Input for this task:
╔══
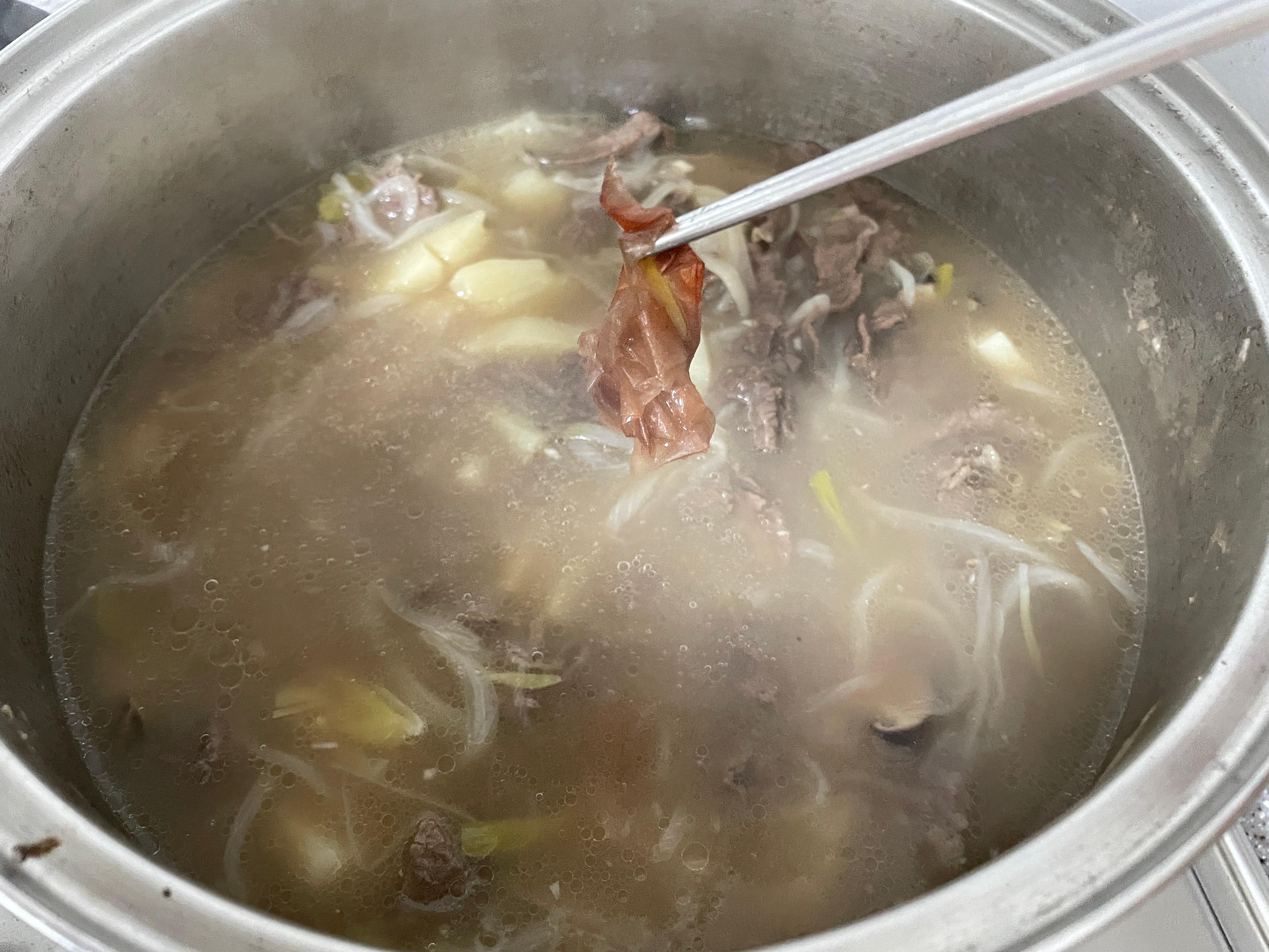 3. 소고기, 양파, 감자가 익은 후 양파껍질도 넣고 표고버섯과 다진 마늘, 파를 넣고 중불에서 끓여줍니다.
╚══
╔══
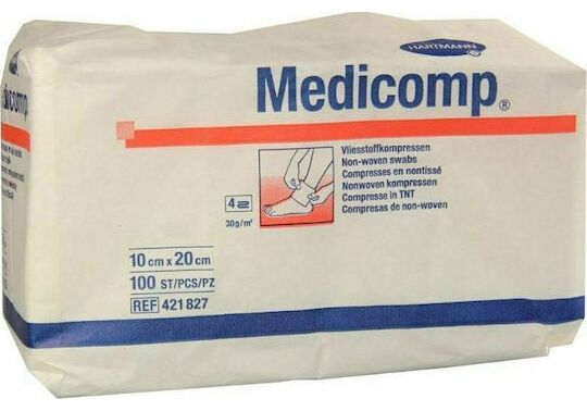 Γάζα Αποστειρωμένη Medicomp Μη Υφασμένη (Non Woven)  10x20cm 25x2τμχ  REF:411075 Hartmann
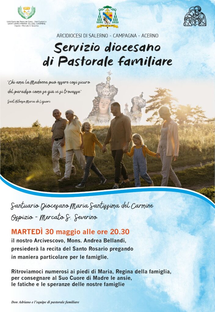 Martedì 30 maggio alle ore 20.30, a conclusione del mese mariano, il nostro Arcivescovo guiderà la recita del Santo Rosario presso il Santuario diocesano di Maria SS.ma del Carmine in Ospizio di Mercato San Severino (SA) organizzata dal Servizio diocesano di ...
╚══
The problem: In the listing above, find the line containing "Γάζα Αποστειρωμένη Medicomp" and the line containing "Martedì 30 maggio", then write out both of them and every line between, exactly, with no pictures.

Exercise result:
 Γάζα Αποστειρωμένη Medicomp Μη Υφασμένη (Non Woven)  10x20cm 25x2τμχ  REF:411075 Hartmann
 Martedì 30 maggio alle ore 20.30, a conclusione del mese mariano, il nostro Arcivescovo guiderà la recita del Santo Rosario presso il Santuario diocesano di Maria SS.ma del Carmine in Ospizio di Mercato San Severino (SA) organizzata dal Servizio diocesano di ...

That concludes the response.